The beginning of the Israel Story is the call of Abram, later renamed Abraham. We find it in Genesis 12:1-3 – Now the Lord had said to Abram: “Get out of your country, from your family and your father’s house, to a land that I will show you. I will make you a great nation; I will bless you and make your name great; and you shall be a blessing. I will bless those who bless you, and curse him who curses you; and in you all the families of the earth shall be blessed.”
God called Abram to leave his country. Why? Because God was going to give him and his descendants a land, the land of Canaan. God called Abram to leave his family and his father’s house, literally his heritage, his lineage? Why? Because God was going to create from him a new people group, initially called Hebrews, later Israelites, and later Jews. We now have the three main protagonists of the Israel Story: God, the central character and by far the most important, and the two supporting characters: the land of Israel and the Jewish people.
Prior to this interaction between God and Abram, there is no indication in scripture that Abram sought God, knew God, or walked with God. In fact, we know that he grew up in an idolatrous country and in an idolatrous household. Abram was a Chaldean from a land that today would be located in southern Iraq. The Chaldeans of Abram’s time were polytheists, worshipping many false gods. In Joshua 24:2, we read that his father, Terah, served other gods.
Was Abram a Jew when God called him? No, there was no people group called Jews at the time.
Was he an Israelite? No, at the time of Abram’s call, there was no such country, and his grandson Israel, after which it would later be named, had not yet been born, nor had Israel’s father, Isaac.
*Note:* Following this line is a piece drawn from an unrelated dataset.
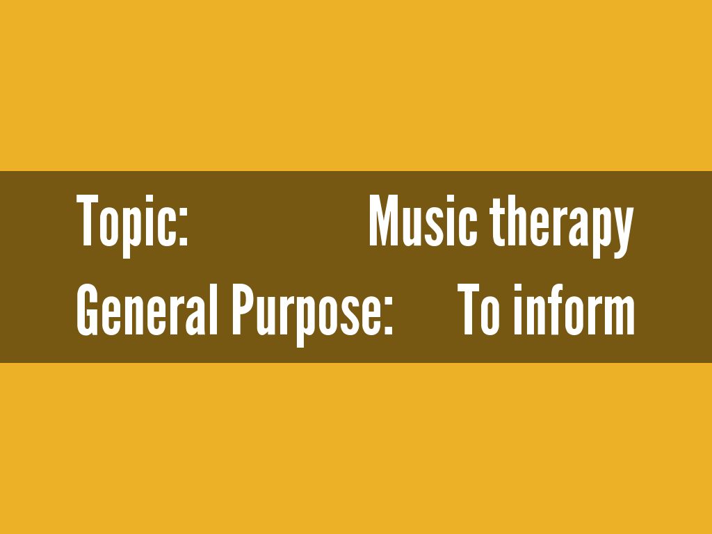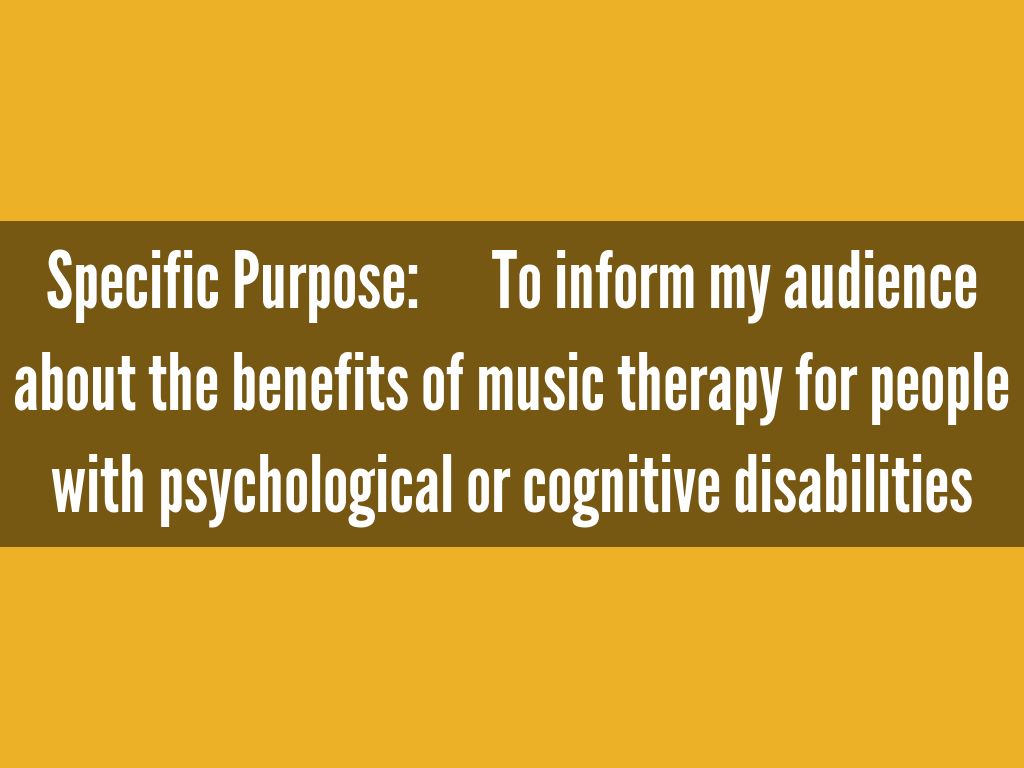 Specific Purpose: To inform my audience about the benefits of music therapy for people with psychological or cognitive disabilities
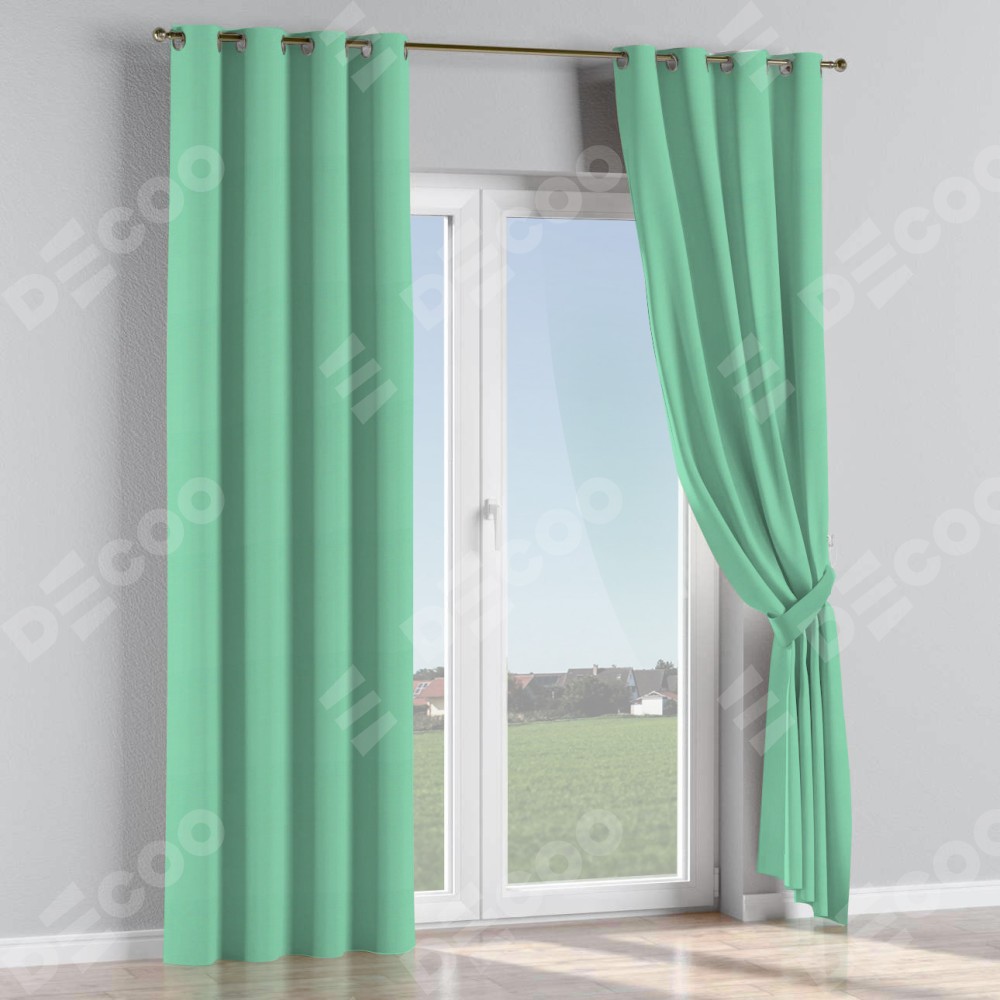 Комплект прямых штор, от производителя «Cortin», пошиты из ткани pipa блэкаут бирюза, артикул ткани 81852. Данная модель пошита на люверсах, комплектуется на выбор круглым карнизом и подходит для монтажа на стену или потолок. Прямые шторы на люверсах шьются по стандарту с коэффициентом 1/2 (на 100 см. ширины проёма 200 см. ширины ткани), отличительным преимуществом данной модели является простой способ монтажа. Достаточно повесить ее на трубу и штора готова!

Did Abram have a desire to live in Canaan and inherit it? We don’t know for sure, but it’s not likely. Why? Because we read in Hebrews 11:8 that Abram went out to the place (Canaan) that he would afterwards receive as an inheritance not knowing where he was going. It doesn’t appear that Canaan was on Abram’s radar.
Did Abram harbor a secret desire to be a great nation? That’s also unlikely. Why not? Because at this time, he and his wife, Sarai, were childless. Sarai was barren. Abram expressed this concern to God in the beginning of Genesis 15. God told Abram that He was Abram’s exceedingly great reward, but that wasn’t enough to placate Abram and satisfy his desire for a child. Genesis 15:1-2 – After these things the word of the Lord came to Abram in a vision, saying, “Do not be afraid, Abram. I am your shield, your exceedingly great reward.” But Abram said, “Lord God, what will you give me, seeing I go childless, and the heir of my house is Eliezer of Damascus?” Abram’s desire was for at least one biological child to be his heir. It’s not likely that nation-building was on his agenda.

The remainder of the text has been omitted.